Duties and Responsibilities

Essential Functions

•  Establishes revenue cycle benchmarks, and standards of practices with policies and procedures consistent with organizational goals, infrastructure, state, and federal requirements. Oversight of all staffing functions (i.e. Billing & Front Desk) and provides leadership with training. Develops and maintains the highest standards of professionalism and accountability.

•  Oversees the development, maintenance, implementation, and training of protocols, policy and procedures for all functions related to the revenue cycle.

•  Works with executive management, providers, and accounting to create financial and reporting regarding the revenue cycle.

•  Gather productivity, quality, and financial data from EHR and other sources and use to provide meaningful information to appropriate staff.

•  Plans and conducts regular department meetings. Communicates updates to the Chief Financial Officer (CFO), Chief Operations Officer (COO), and Business Operations Director in a timely manner. Works with Business Operations Director to ensure best practices related to patient access and the revenue cycle.

•  Develops departmental goals, objectives, established staffing patterns, and organizes the work of the departments.

•  Prioritizes daily departmental workflow in conjunction with supervisory team.

•  Implements new processes and protocols as these become necessary and assigned.

•  Ensures an appropriate education and feedback process is in place to provide regular education to FQHC providers on revenue cycle.

•  Ensures department staff provide the highest level of customer service.

•  Interacts with the Business Operations Director to develop strategic plan for all functions related to the

  revenue cycle.


•  Directs and oversees all functions of coding, claim management, billing, payment, and collections.

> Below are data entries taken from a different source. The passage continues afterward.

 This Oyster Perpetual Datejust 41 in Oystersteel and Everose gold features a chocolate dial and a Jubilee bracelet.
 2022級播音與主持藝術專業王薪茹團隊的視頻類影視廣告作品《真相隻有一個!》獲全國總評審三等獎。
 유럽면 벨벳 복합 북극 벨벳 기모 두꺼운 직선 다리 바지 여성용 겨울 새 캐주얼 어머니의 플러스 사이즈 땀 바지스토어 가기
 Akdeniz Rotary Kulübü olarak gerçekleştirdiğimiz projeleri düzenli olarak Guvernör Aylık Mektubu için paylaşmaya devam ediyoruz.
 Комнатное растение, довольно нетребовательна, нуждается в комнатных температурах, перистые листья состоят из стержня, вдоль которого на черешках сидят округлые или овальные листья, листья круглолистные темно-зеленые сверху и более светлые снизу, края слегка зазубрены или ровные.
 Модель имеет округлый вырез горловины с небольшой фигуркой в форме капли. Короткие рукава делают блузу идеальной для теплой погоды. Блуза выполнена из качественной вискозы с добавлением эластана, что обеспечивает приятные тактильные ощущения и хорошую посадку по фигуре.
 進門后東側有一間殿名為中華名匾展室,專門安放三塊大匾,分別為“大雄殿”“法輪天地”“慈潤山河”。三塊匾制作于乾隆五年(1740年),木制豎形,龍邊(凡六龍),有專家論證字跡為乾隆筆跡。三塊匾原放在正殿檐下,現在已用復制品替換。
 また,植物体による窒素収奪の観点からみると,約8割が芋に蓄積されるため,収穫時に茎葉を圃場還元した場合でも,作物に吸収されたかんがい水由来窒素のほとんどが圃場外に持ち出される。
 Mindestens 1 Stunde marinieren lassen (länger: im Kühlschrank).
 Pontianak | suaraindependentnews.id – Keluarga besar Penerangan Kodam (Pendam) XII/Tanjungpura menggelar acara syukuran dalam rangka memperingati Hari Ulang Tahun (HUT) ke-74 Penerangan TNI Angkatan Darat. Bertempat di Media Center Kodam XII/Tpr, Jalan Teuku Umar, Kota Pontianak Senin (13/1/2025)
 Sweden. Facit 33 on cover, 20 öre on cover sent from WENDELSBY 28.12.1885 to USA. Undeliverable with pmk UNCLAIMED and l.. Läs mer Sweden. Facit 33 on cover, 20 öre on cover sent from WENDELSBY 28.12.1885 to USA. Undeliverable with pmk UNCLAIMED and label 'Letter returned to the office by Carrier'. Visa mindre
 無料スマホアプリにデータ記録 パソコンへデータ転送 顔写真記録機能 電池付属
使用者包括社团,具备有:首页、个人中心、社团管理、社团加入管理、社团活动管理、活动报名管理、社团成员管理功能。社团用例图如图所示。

•  Monitors, educates, and codes appropriate procedures performed by the practice.

•  Responsible for overseeing posting of charges, adjustments, and payments to patient accounts and assuring accuracy and timeliness.

•        Keep abreast of Medicare, Medicaid (Medi-Cal), and other third party payer rules and regulations with respect to billing and other matters and communicates this information to the physicians and appropriate

•        Conducts re-imbursement monitoring for individual insurance carriers.

•        Works with CFO, COO, and Business Operations Director to ensure proper cash controls are in place and payments received are posted accurately and timely.

•        Work closely with CFO to prepare month-end and year-end financial close.

Front Desk

•  Supervise and support Front Desk Leads to ensure the quality of the insurance, demographics, and eligibility data entered, as well as monitoring all time of service collections by providing revenue cycle reporting and training materials.


Qualifications for position

•  Bachelor's Degree in Accounting, or related field desirable. Experience substitutes for education requirements.

•  Revenue Cycle: 5 years (Preferred)

•  Practice Management: 5 years (Preferred)

•  ICD, CPT Coding: 1 year (Preferred)

•  FQHC Revenue Cycle: 2 years (Preferred)

•  Active CPC (Required)

•  Driver's License (Required)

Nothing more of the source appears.